In [1]:
from copy import deepcopy
import pandas as pd
import numpy as np

In [2]:
pd.set_option('display.max_colwidth', 1000)
pd.set_option('display.max_columns', None)

In [3]:
df = pd.read_pickle('../Pickles/df_clean.pkl')

In [4]:
df.columns

Index(['highest_charge', 'offense_title', 'sentence_phase', 'sentence_type',
       'age_at_incident', 'gender', 'race', 'current_sentence', 'num_charges',
       'trial_outcome', 'class_adj', 'sentence_years', 'years_until_charged',
       'case_years'],
      dtype='object')

In [5]:
# created dataframes for dummy variables for highest_charge and sentence_phase, sentence_type, gender, race, current_sentence, trial_outcome and class_adj.
# joined dummy variable dataframes with main dataframe.

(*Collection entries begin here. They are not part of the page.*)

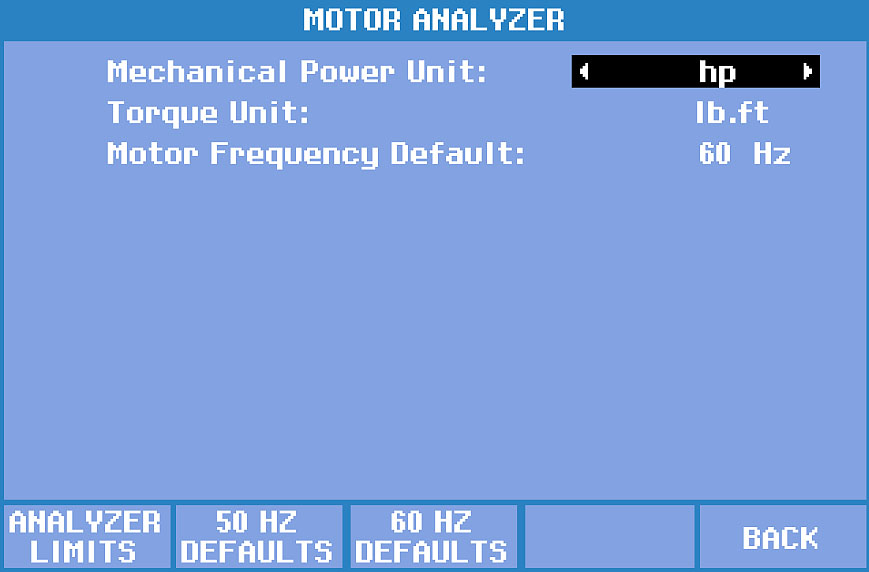 For mechanical power you can instantly view the mechanical output power along with motor torque and speed. The mechanical output power is instantly compared with electrical power to provide you with live efficiency measurements. With this feature you can easily measure machine performance during each operation cycle.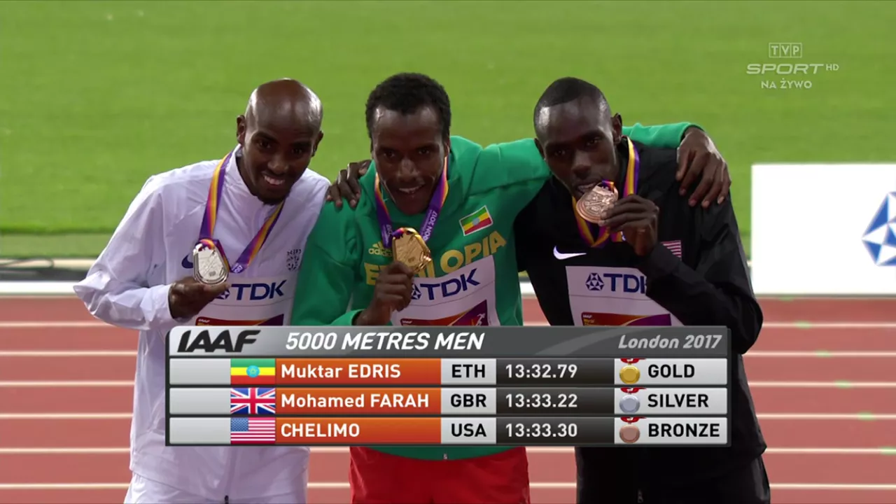 Muktar Edris przerwał niesamowitą passę Faraha rozpoczętą na MŚ w Daegu (2011), znaczoną wyłącznie złotymi krążkami MŚ czy Igrzysk Olimpijskich (niepokonany od Londynu 2012)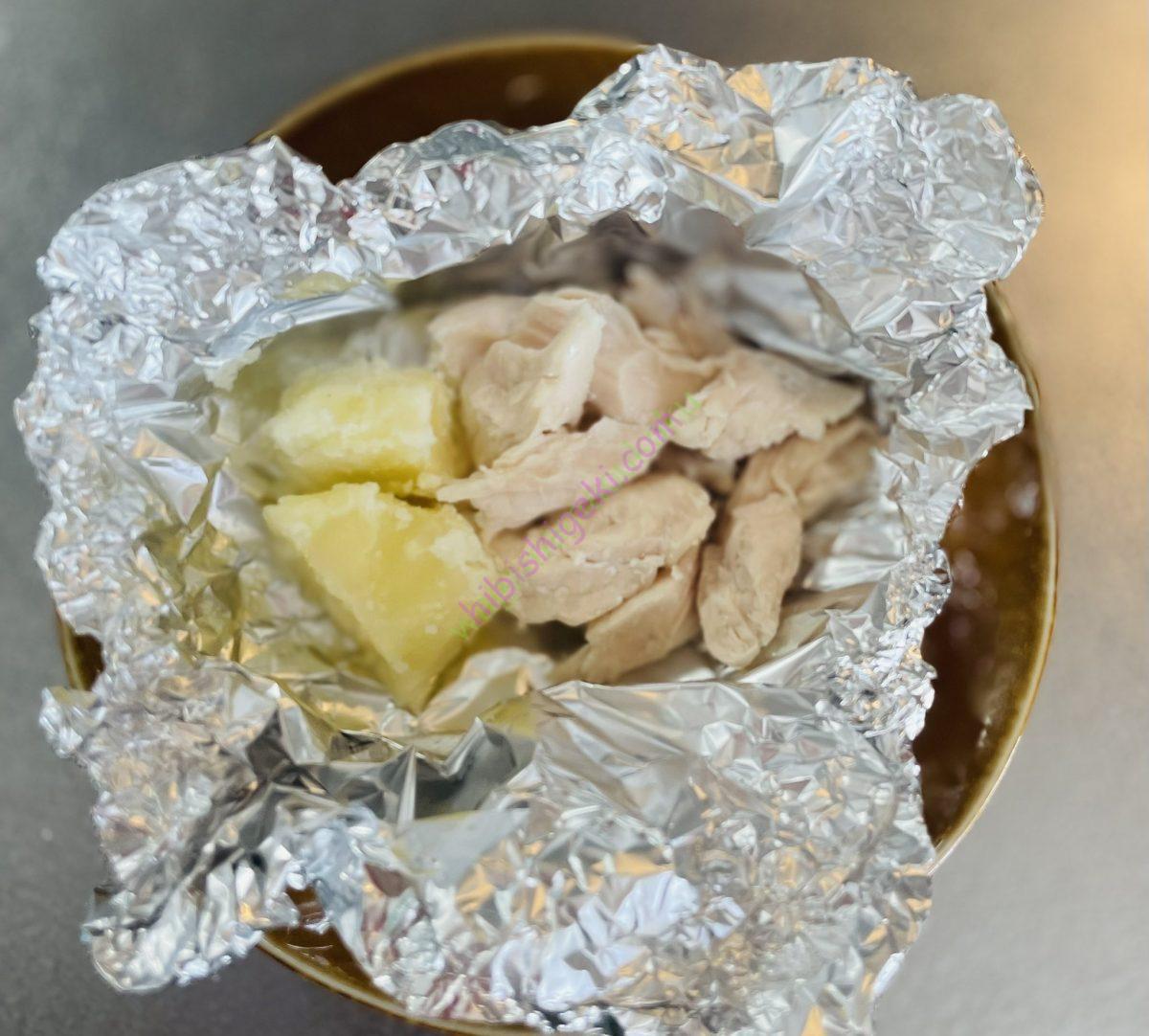 ササミは酒蒸し、じゃがいもは蒸します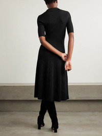 SIMKHAI understands that feeling good is a key part of looking good, so each of its designs is created with comfort and flow in mind. This 'Pati' dress is made from ribbed-knit with a slim-fitting bodice and A-line skirt. The half sleeves and wide collar make it both feminine and effortless. Size & Fit - Fits true to size, take your normal size - Designed for a slim fit - Fine knit - Model is 177cm/ 5'10" and is wearing a size Small Model measurements: - Bust: 81cm/ 32” - Waist: 67cm/ 26.5” - Hip: 91cm/ 36” Details & Care - Black ribbed-knit - Slips on - 66% rayon, 33% nylon, 1% spandex - Dry clean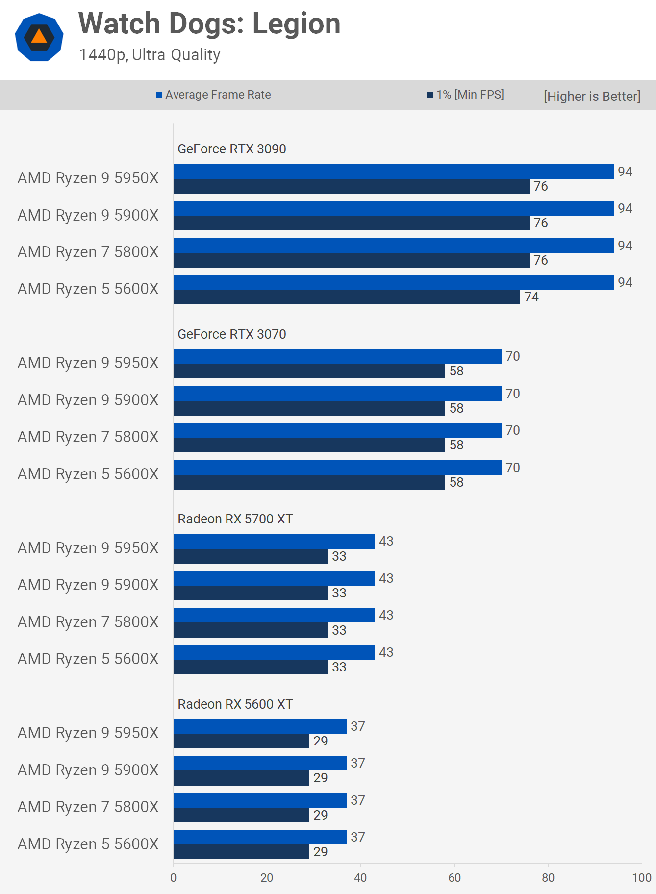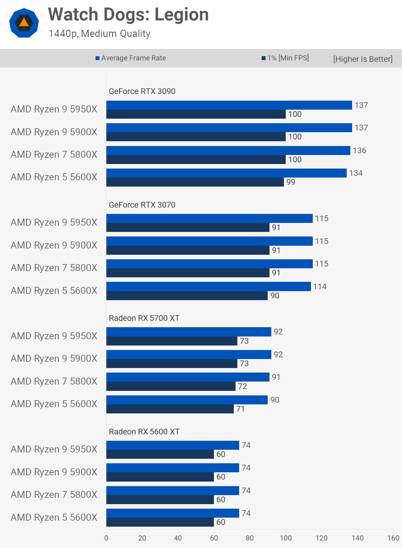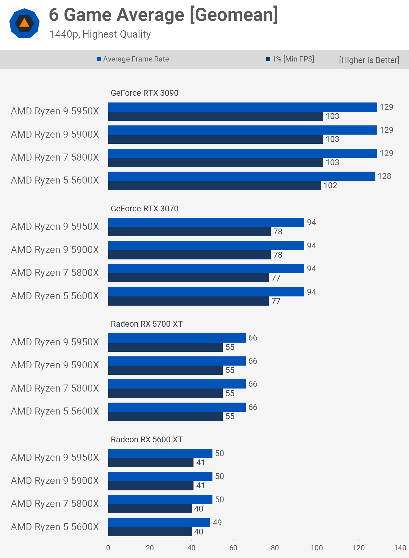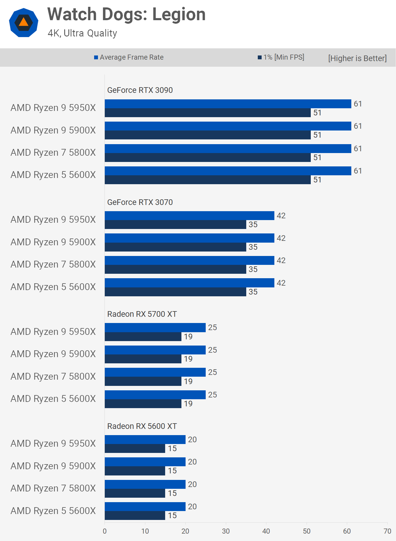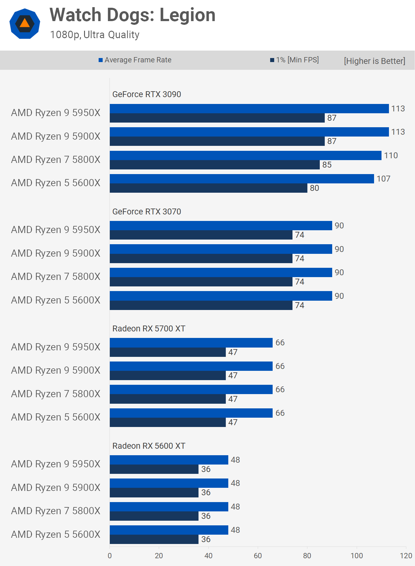 At 1080p using the ultra quality preset we found that on average there is no performance difference to be seen in modern games when using the RTX 3070, 5700 XT and 5600 XT. Again, as seen in the day one review, the 5950X only offers a ~4% performance boost over the 5600X, and with both delivering smooth performance in all games, there's little reason to go beyond the 6-core/12-thread processor.

highest_charge = pd.get_dummies(df['highest_charge'])
highest_charge.drop(False, axis = 1, inplace = True)
highest_charge.rename({True: 'highest_charge_true'}, axis = 1, inplace = True)

sentence_phase = pd.get_dummies(df['sentence_phase'])
sentence_phase.columns = ['amended/corrected_sentence_phase', 'original_sentence_phase',
'probation_violation_sentence_phase', 'remanded_sentence_phase', 'resentenced_sentence_phase']

sentence_type = pd.get_dummies(df['sentence_type'])
sentence_type.columns = ['conditional_discharge_sentence','conversion_sentence',
'boot_camp_sentence', 'death_sentence', 'jail_sentence', 'prison_sentence',
'probation_sentence', 'supervision_sentence']
    
gender = pd.get_dummies(df['gender'])
gender.rename({'Male': 'male', 'Female': 'female'}, axis = 1, inplace = True)
gender.drop('female', axis = 1, inplace = True)

race = pd.get_dummies(df['race'])
race.columns = ['asian', 'biracial', 'black', 'hispanic', 'unknown_race', 'white']
# race.drop('unknown_race', axis = 1, inplace = True)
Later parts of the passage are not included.